▶ **GOAL OF THE EXERCISE**: Return the line that has "Minimalism meets luxury" and all lines below it through the last, exactly as they stand; omit pictures.
==== MATERIAL PROVIDED ====
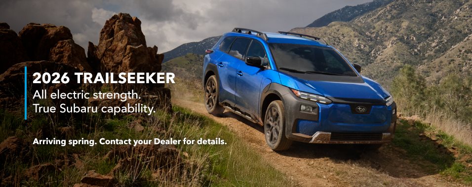 Introducing the all-new 2026 Subaru Trailseeker—Subaru capability and fully electric. Engineered for life in Canada, the Trailseeker pairs real-world electric performance with the ruggedness and versatility drivers expect from a true Subaru SUV. With an all-electric range of up to 444 km of range¹ in ideal conditions and DC fast charging from 10–80% in about 30 minutes², it is designed to keep everyday driving simple and weekend plans intact. Dual-motor all-electric Symmetrical Full-Time AWD works seamlessly with dual-function X-MODE® to deliver confident, predictable traction in rain, snow and loose conditions. A generous 1,587 kg towing capacity, 215 mm of ground clearance and a spacious, flexible cargo area give the Trailseeker the kind of utility rarely seen in an EV. Inside, a quiet, well-appointed cabin blends modern technology with everyday comfort. Electric power, engineered for real use. Rugged versatility, without compromise: unmistakably Subaru.
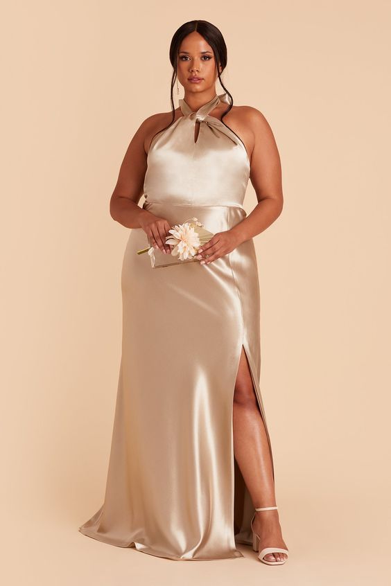 Minimalism meets luxury in this satin sheath dress. The halter neck and sleek lines speak to the bride with a penchant for understated beauty. The thigh-high slit is a tasteful touch that allows for movement, making it ideal for a summer wedding or a chic party. This dress, devoid of excessive ornamentation, shows that sometimes, less is indeed more.
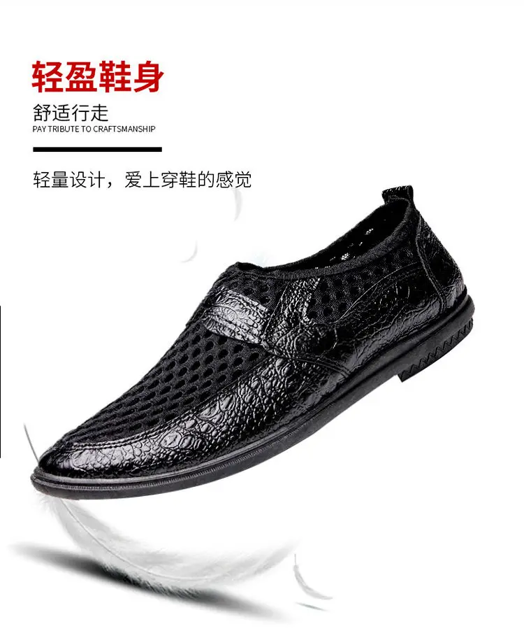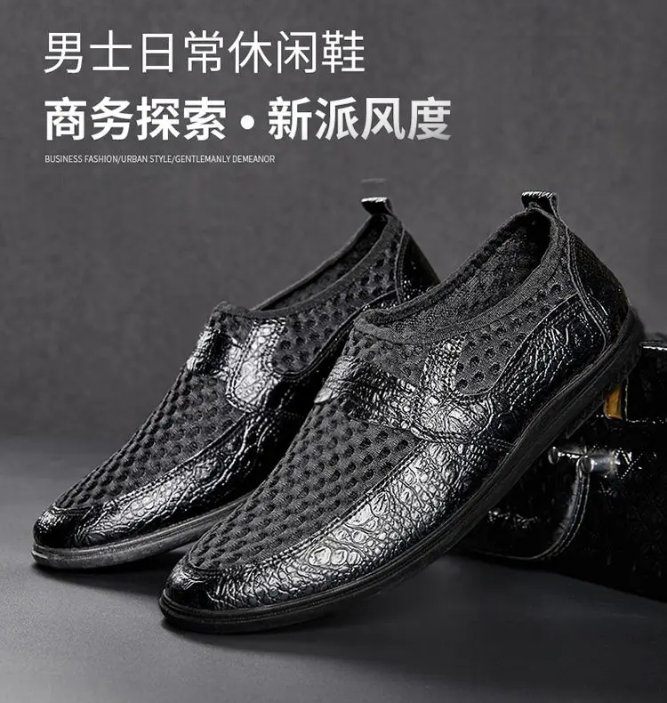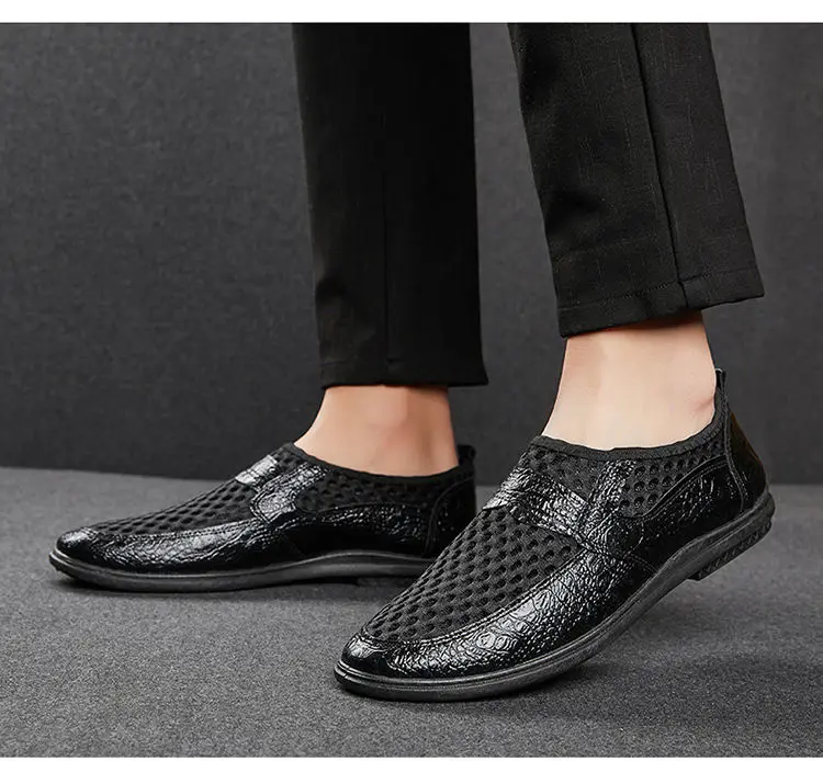 Туфли мужские из натуральной кожи, дышащие, черные, для вождения
====
▶ **COMPLETED TASK**:
 Minimalism meets luxury in this satin sheath dress. The halter neck and sleek lines speak to the bride with a penchant for understated beauty. The thigh-high slit is a tasteful touch that allows for movement, making it ideal for a summer wedding or a chic party. This dress, devoid of excessive ornamentation, shows that sometimes, less is indeed more.
 Туфли мужские из натуральной кожи, дышащие, черные, для вождения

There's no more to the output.